Our in-person interviews last between 1 and 2 hours, and search for a number of different skills:

Knowledge — does the candidate know the stuff that’s required?
Reasoning — can the candidate figure stuff (s)he doesn’t know in advance?
Passion — is the candidate passionate about the field (s)he’s applying for?
Communication — can the candidate communicate complex ideas clearly?

The interview is composed of a conversation with a sequence of increasingly hard questions, designed to cover all of these 4 aspects. There is no big problem in not being able to answer all (it is, in fact, borderline impossible to answer everything), and the experience gives us a decent idea of the candidate’s abilities in multiple dimensions.

As an interviewer, it is important to avoid falling for a couple of traps. One of them is asking only questions that a “trained monkey” would be able to answer. These are generally the more predictable questions that will show up in any “prepare for the interview” guide. Asking the candidate to explain an answer in more depth, or to go through the thought process with a whiteboard will generally solve this part quite well.

The other side is asking too many questions about one particular area of knowledge (i.e. modeling), which might be an unlucky candidate’s only area of weakness.

If a candidate does not know the answer to one question, tell them it’s ok to not know everything, and switch contexts. Avoid making the candidate feel that the interview is going poorly, as the emotional state may induce bias in how much knowledge they can display.

5. Selection

By this point there should be a clear pool of up to 3 candidates which are separate from all the rest.

Follow up first with your top candidates, and make sure that they are available to join if selected. You should assume all candidates are interviewing at multiple companies simultaneously, rather than believing that you are “picking” a candidate to join. This is a two way process.

Invite the top 3 candidates to meet the team, and collect feedback. Go even deeper into questions of cultural fit, personal ambition, and of career paths.

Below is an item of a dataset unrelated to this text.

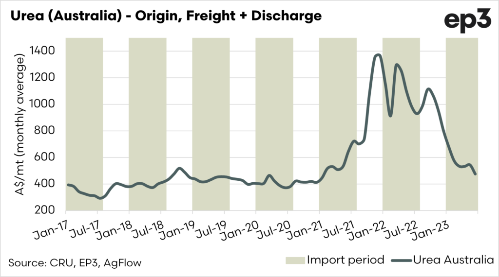 This was in place of any transparent pricing available to the marketplace. We can see now that fertilizer prices landed in Australia have fallen to their lowest levels since January 2021. At these levels, we don’t foresee significant further falls.

Finally (and somewhat counter-intuitively) we attempt to scare away the candidates which interest us the most, by telling them how hard startup life is, how they might make more money working for a hedge fund, how unstructured their life will be compared with a large corporate. If they survive this “scaring away” period, they will certainly be no unwelcome surprises for them once they join. At this point, we generally be confident of whom should be our first option, and make an offer.

Crucially, no candidate can ever, ever, ever go without a final answer. Candidates all get individual, personalized answers as to why they were not selected, and an honest assessment as to whether it is worth them applying again, or whether it is simply not a match. If you treat candidates as discardable resources, you do not deserve to hire top talent.

As mentioned at the start, hiring data scientists is deceptively simple. If you treat your candidates the way you would like to be treated, you will achieve the holy grail of hiring: getting the talent your company needs, while simultaneously being recommended by people you (professionally) turned down.

Applying to a company is a hard, potentially life-changing process, and should be treated as such by leaders making the critical decision.